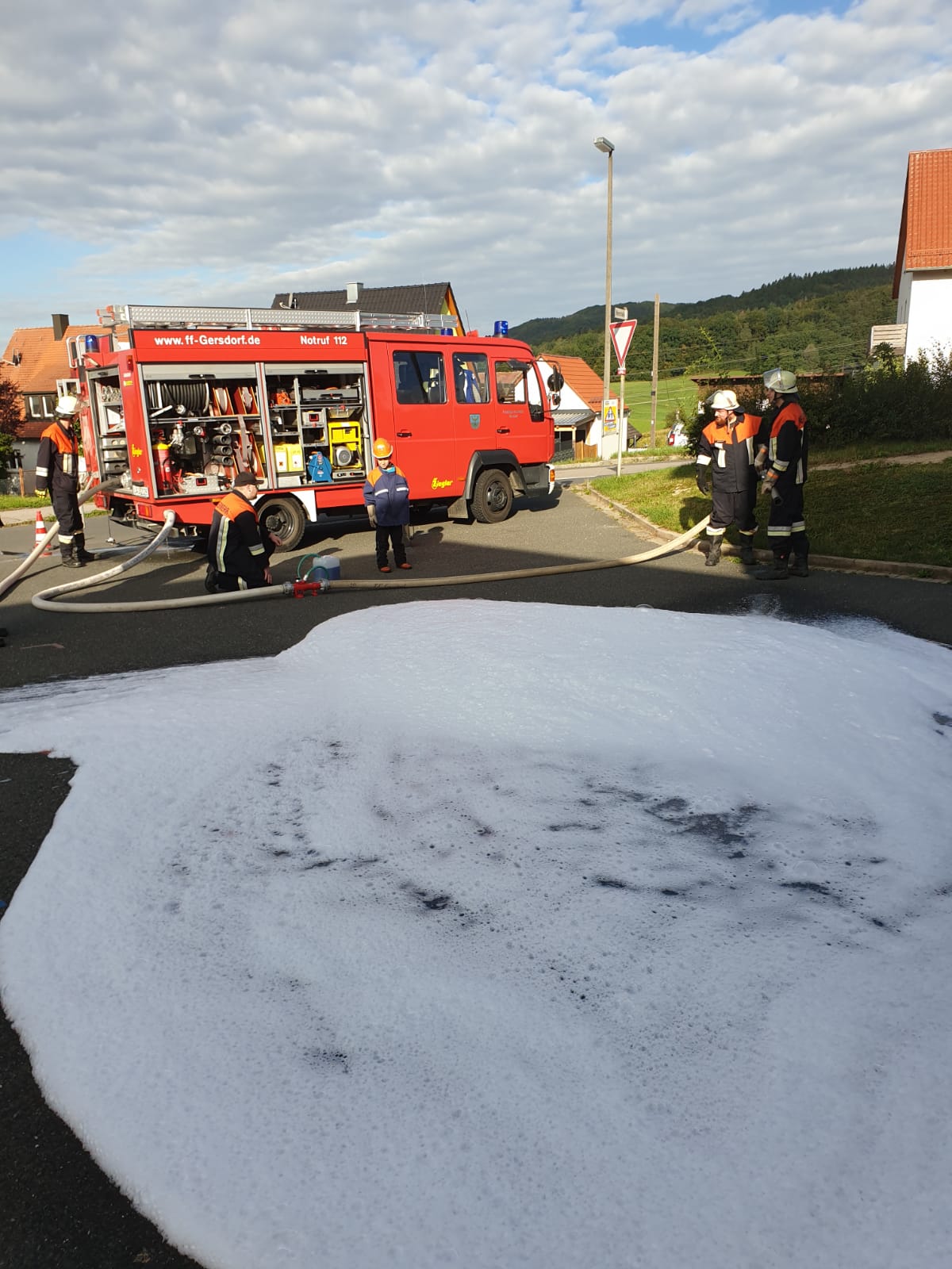 Am 06.09.2020 hat die Gruppe 4 der FFW Gersdorf eine Übung mit Schaum abgehalten. Hierfür wurde statt Schaummittel, Spülmittel verwendet um die Umwelt zu schonen.
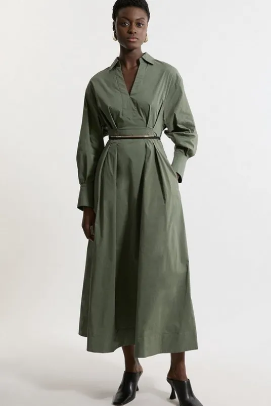 Feel confident in our shirt dress, with a shirt style design featuring a formal collar, and a long, flowing skirt. Style it with block heels or ankle boots for a look perfect for office days, then wear it with heeled boots or strappy heels for an evening look.Poplin Balloon Sleeve Woven Shirt DressFlattering Fit and Flare SilhouetteClassic Shirt DesignFormal Collar Detailing V Neckline Cinched WaistlineUnique Balloon SleevesDetails & Care65% Cotton. 35% Polyester. Wash inside out. Model wears UK Size 10. Length 135cm
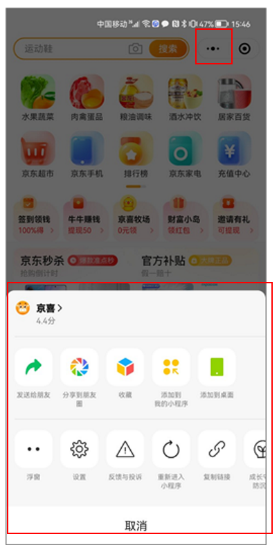 onLoad(opt) { // 设置分享时带上分享信息 wx.showShareMenu({ withShareTicket: true, menus: ['shareAppMessage', 'shareTimeline'], success(r){ console.log("success: ", r) }, fail(e){ console.log("fail", e) } }) }默认就有,无法修改,不需要自行加入

+-------+

▸ **What needs to be done**
Repeat the data word for word. Images are not part of the copy.

▸ **Output**
 Am 06.09.2020 hat die Gruppe 4 der FFW Gersdorf eine Übung mit Schaum abgehalten. Hierfür wurde statt Schaummittel, Spülmittel verwendet um die Umwelt zu schonen.
 Feel confident in our shirt dress, with a shirt style design featuring a formal collar, and a long, flowing skirt. Style it with block heels or ankle boots for a look perfect for office days, then wear it with heeled boots or strappy heels for an evening look.Poplin Balloon Sleeve Woven Shirt DressFlattering Fit and Flare SilhouetteClassic Shirt DesignFormal Collar Detailing V Neckline Cinched WaistlineUnique Balloon SleevesDetails & Care65% Cotton. 35% Polyester. Wash inside out. Model wears UK Size 10. Length 135cm
 onLoad(opt) { // 设置分享时带上分享信息 wx.showShareMenu({ withShareTicket: true, menus: ['shareAppMessage', 'shareTimeline'], success(r){ console.log("success: ", r) }, fail(e){ console.log("fail", e) } }) }默认就有,无法修改,不需要自行加入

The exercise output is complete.